BATANG — Aula diklat RSUD Kalisari Batang mendadak dipenuhi puluhan pendonor darah pada Rabu 27 Agustus 2025. Kegiatan donor darah itu digelar RSUD Batang dalam rangkaian penutup perayaan Hari Ulang Tahun ke-80 Republik Indonesia.
Dengan target 80 kantong darah, kegiatan ini diikuti para tenaga medis, staf rumah sakit, dan masyarakat umum.
Nur Fahad dari Unit Donor Darah (UDD) PMI Batang menuturkan bahwa agenda donor darah di RSUD Batang sudah menjadi kegiatan rutin.
“Untuk di RSUD Batang ini targetnya 80 kantong. Ini merupakan agenda rutin yang diadakan komite keperawatan RSUD Batang, kali ini untuk memperingati HUT RI 17 Agustus,” katanya.
Menurutnya, kesadaran masyarakat untuk berdonor semakin meningkat.
Antusiasme ini membuat stok darah di PMI Batang bukan hanya aman, tetapi bahkan surplus hingga bisa membantu daerah lain.
PMI Batang setiap bulan memproduksi sekitar 1.200 kantong darah.
Jumlah ini cukup untuk memenuhi kebutuhan tiga rumah sakit besar di Batang, yakni RSUD Batang, RS QIM, dan RSUD Limpung.
“Kadang kita bisa kirim 100 kantong ke Kajen, 100 kantong ke Demak.

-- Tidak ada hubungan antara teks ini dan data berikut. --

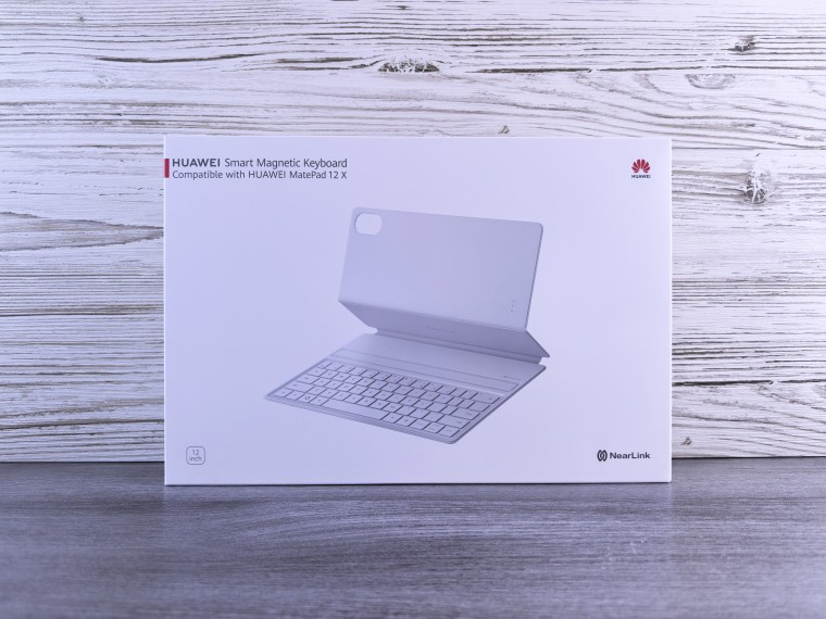 Магнитная клавиатура упакована в отдельную коробку, также белого цвета. Надпись в верхнем левом углу говорит о совместимости клавиатуры с планшетом HUAWEI MatePad 12 X и, соответственно, его модификациями (в нашем случае PaperMatte). В правом верхнем углу находится логотип «HUAWEI» в фирменной красно-черной расцветке. Посередине изображена развернутая клавиатура с чехлом. Внизу мелким шрифтом имеется надпись «NearLink» — это технология беспроводной передачи данных, разработанная компанией HUAWEI, с помощью которой, собственно, и подключается клавиатура к планшету.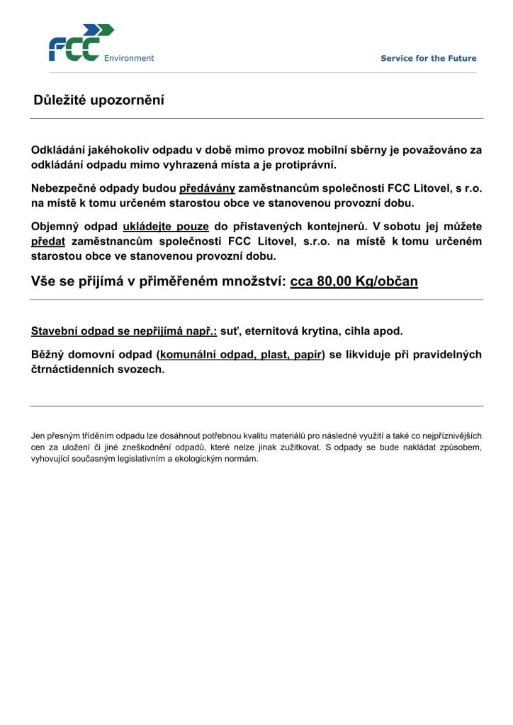 Mobilní sběr velkoobjemového a nebezpečného odpadu - podzim 2025

Kondisi kita memang sering surplus, over stock,” jelas Nur Fahad.
Saat ini, stok darah untuk golongan O, B, dan AB berada di level berlebih. Hanya golongan A yang posisinya berada di status aman.
Kesadaran masyarakat berpartisipasi donor darah makin berkembang dari tahun ke tahun.
Sebagai bentuk penghargaan, PMI Batang memberikan piagam khusus kepada pendonor yang sudah menyumbang darah secara rutin.
“Tahun ini, ada 29 pendonor yang mendapat piagam untuk 50 kali donor, dan 110 pendonor menerima piagam untuk 25 kali donor,” ungkap Nur Fahad.
Rekor tertinggi donor darah di Batang dipegang oleh almarhum Bapak Slamet dengan 145 kali donor, disusul Bapak Wahyu Jatmiko dengan 120 kali donor.
Salah satu pendonor rutin, Isniaroh (47), warga Kelurahan Watusalit, mengaku selalu merasa sehat setelah berdonor.
“Saya sudah terbiasa donor. Selain membantu orang lain, darah saya juga selalu dicek, jadi lebih tenang,” ujarnya.
Plt Direktur RSUD Kalisari Batang, dr. Ida Susilaksmi, menyampaikan apresiasi atas partisipasi masyarakat.
“Semoga kegiatan ini membawa manfaat untuk masyarakat. Untuk civitas hospitalia RSUD Batang, ada 75 orang yang ikut, ” katanya.
Ia menjelaskan, kebutuhan darah di RSUD Kalisari Batang pada bulan Juli 2025 mencapai 225 kantong. Permintaan terbesar datang dari pasien penyakit dalam, khususnya penderita talasemia.
Rinciannya: penyakit dalam 160 kantong, bedah 7 kantong, obsgin 22 kantong, dan anak 36 kantong.
Dengan tingginya kebutuhan tersebut, dr. Ida menilai kegiatan donor darah seperti ini sangat penting untuk menjamin ketersediaan darah di rumah sakit.